Data excerpts ▸
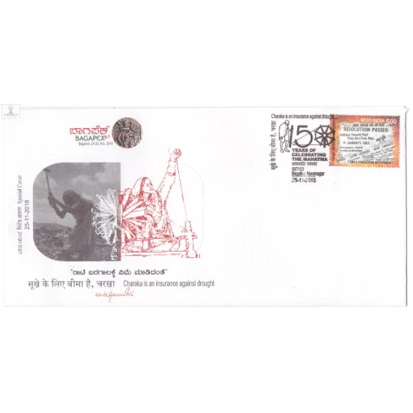 Mahatma Gandhi Special Cover of Bagapex 2018 Charaka is an Insurance against drought was released on 25th November 2018 from Bagalkot – Issued By India Post
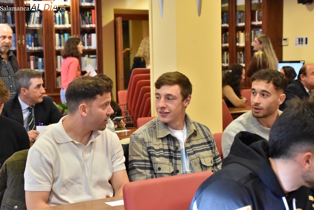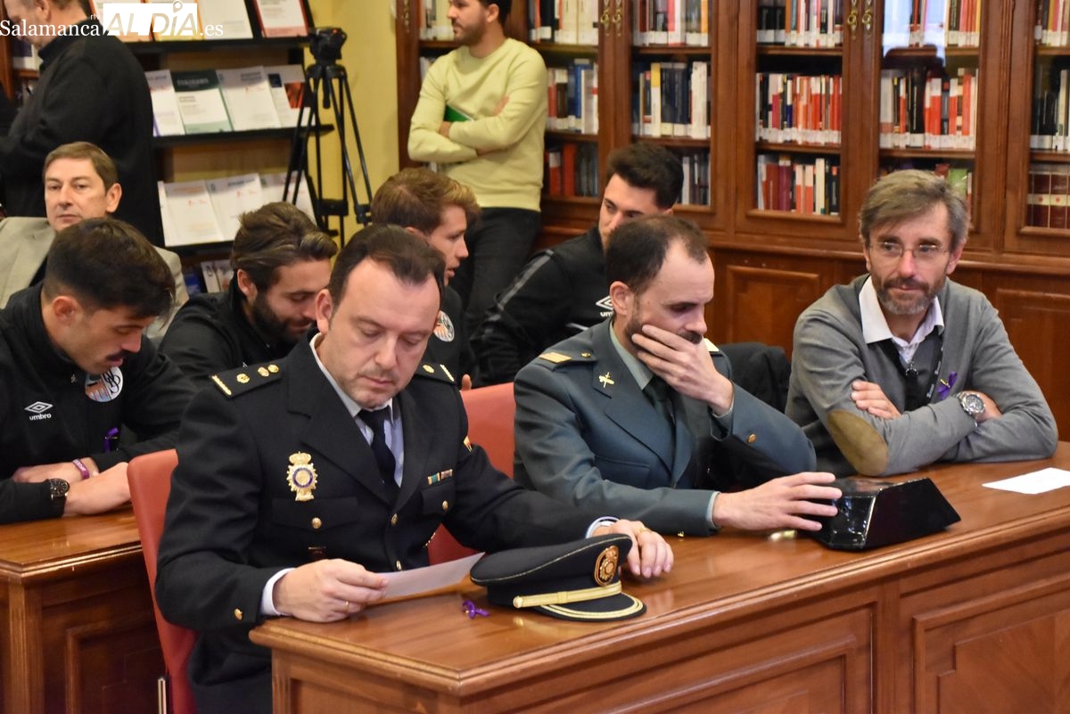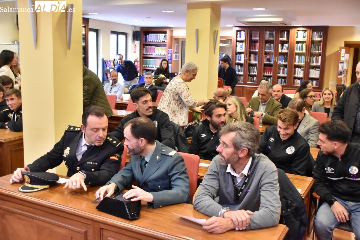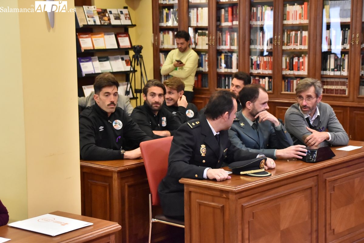 Representantes de las plantillas de Unionistas de Salamanca, el Salamanca Club de Fútbol UDS y el Club Deportivo Guijuelo han acudido a la sede colegial para participar activamente en el homenaje. Su presencia simboliza un compromiso conjunto que supera las rivalidades deportivas en favor de los derechos humanos.
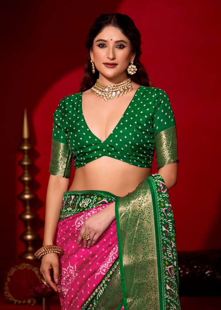 Pashmina Silk Saree In pink and green.This Fancy pashmina Silk Saree Is Full Weaved With Patola Print. This Saree Pattern With Baandhani Boota On Whole Saree As Shown In The Pic. The Saree Comes With Running Silk Blouce Same As Saree Color. Saree Is 6.5 Mtr Long With BlouceLength - Saree Length is standard 6.5 mtr with blouse.
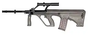 Первые опыты по применению этой схемы относятся к предвоенному и военному периоду, в особенности в Чехословакии — PzB M.SS.41, но широкую известность и распространение она получила с введением австрийской винтовки AUG в 1977 году.
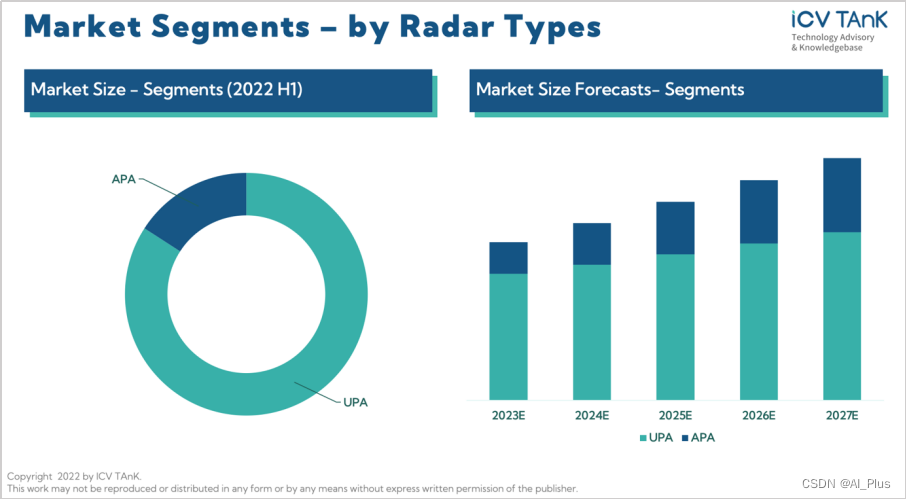 2022年上半年,车载超声波雷达市场价值约为20.4亿美元,其中渗透率超过90%的UPA雷达占到了84%,而由于目前搭载自动泊车功能的汽车数量较少,APA雷达的市场规模仅为3.23亿美元,渗透率仍有较大的上升空间。ICV的分析师认为,虽然超声波雷达的功能并不是完全不可替代的,但是其成熟的技术和便宜的价格让超声波雷达在目前的汽车自动化阶段仍是具有竞争力的。UPA雷达的市场规模预计在2023年达到37.15亿美元,未来五年的CAGR约为5.8%,整体增速较缓。而APA雷达的市场规模有望快速增长(五年CAGR约为18.6%),主要因为下游对自动泊车功能的需求上升,带动了APA雷达的销量。

Goal of the exercise ▸
After dropping the pictures, reproduce exactly the lines from the first line of the entries through the line containing "Representantes de las", both included.

Answer for the task ▸
 Mahatma Gandhi Special Cover of Bagapex 2018 Charaka is an Insurance against drought was released on 25th November 2018 from Bagalkot – Issued By India Post
 Representantes de las plantillas de Unionistas de Salamanca, el Salamanca Club de Fútbol UDS y el Club Deportivo Guijuelo han acudido a la sede colegial para participar activamente en el homenaje. Su presencia simboliza un compromiso conjunto que supera las rivalidades deportivas en favor de los derechos humanos.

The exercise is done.